Our conjecture is primarily inspired by the existent theoretical works studying implicit regularization of label noise gradient descent (LNGD) on the $*squared*$ loss. Nevertheless, during the rebuttal period, we discovered that the behaviour is different. If our conjecture would hold as formulated, the averaged iterates should have a smaller value of the regularizer for larger values of the learning rate (note that this need not happen for the finetuned iterates). More specifically, although $Tr(\nabla^2)$ is effectively minimized for the finetuned iterates as reported in Figure 3 (c) , $Tr(\nabla^2)$ for the EMA does not necessarily have the correct trend with respect to $\eta$ as posited in our conjecture (see Figure 8 in appendix A.2). Furthermore, the trend seems to depend on the coefficient used in the EMA. We can obtain the expected trend for EMA coefficient $0.95$ but not $0.999$ . This made us consider the possibility that $Tr(\nabla^2)$ might not be the correct quantity to explain the improvement in generalization when WD is used in combination with large LRs. This intuition is supported by the observation that $Tr(\nabla^2)$ depends on the value of the training loss, potentially clarifying the apparent disparity between the experiments and the conjecture. Attempting to find a quantity that reveals the implicit regularization effect without being directly affected by the value of the training loss, we conducted some preliminary experiments on the Jacobian norm. This quantity closely relates to $Tr(\nabla^2)$ without carrying the explicit dependence on the value of the loss as we elaborate in Appendix A.2. The preliminary experiments show the correct trend of the EMA for standard ResNet-18 on CIFAR-10. We provide a longer discussion on this in Appendix A.2 of the updated version of the paper, together with more details on why we believe both quantities are at play during the large learning rate phase. However, a thorough investigation of the behaviour of the Jacobian norm is needed (i.e., on multiple architectures and datasets) before updating the conjecture.

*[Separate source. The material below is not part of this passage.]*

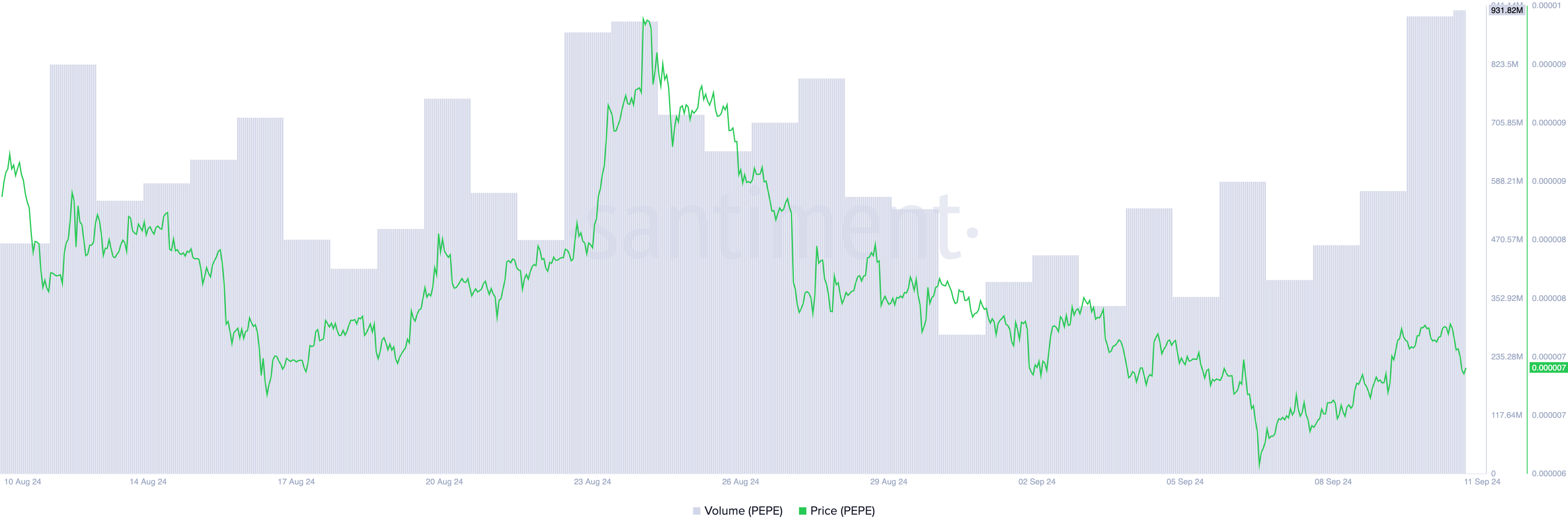 การเพิ่มขึ้นของปริมาณการซื้อขายโดยไม่มีการเพิ่มขึ้นของราคาบ่งชี้ถึงความสนใจในการซื้อที่อ่อนแอจากผู้เข้าร่วมตลาด PEPE

We would like to briefly clarify other points about our submission:

Overparameterization vs. underparameterization. We agree that this is not the best way to present this distinction and we should have called the one-epoch training of LLMs as the “underfitting regime”. What we really meant by (effective) underparameterization is that for one-epoch training, the training and validation losses stay very close to each other. We have updated Figure 4 to more clearly illustrate this for LLMs by plotting the generalization gap directly over training iterations for a GPT-2 small and GPT-2 large models.
Precise meaning of regularization. By regularization, we meant any technique that restricts the hypothesis class and reduces the generalization gap. As illustrated in Figure 4, weight decay does not noticeably reduce it for LLMs trained for one epoch (unlike for CIFAR-10 trained for multiple epochs). Thus, we conclude that the role of weight decay is different from reducing the generalization gap. We will use more precise wording to explain what we mean.
Novelty of the bfloat16 observation. We would like to emphasize that bfloat16 has the same dynamic range as float32, so the issue is not in the overflow (which is an issue, for example, for float16 whose maximum possible value is $65\\,519$ and larger values are interpreted as NaN). We will add a more thorough explanation of this to the paper. Moreover, we will investigate the precise mechanism of how weight decay helps to address the precision issue.
Parameters of the LLM experiments. We used gradient clipping with the default parameter $1.0$ for all experiments so the loss divergence with bfloat16 is not due to the lack of gradient clipping. We used the context length of 256 primarily to speed up the experiments for Section 4.1 but the overall pattern is the same for the context length 1024.

We thank the reviewers again. These comments will help us to formulate our ideas more precisely and collect more comprehensive experimental evidence for the next version of our paper.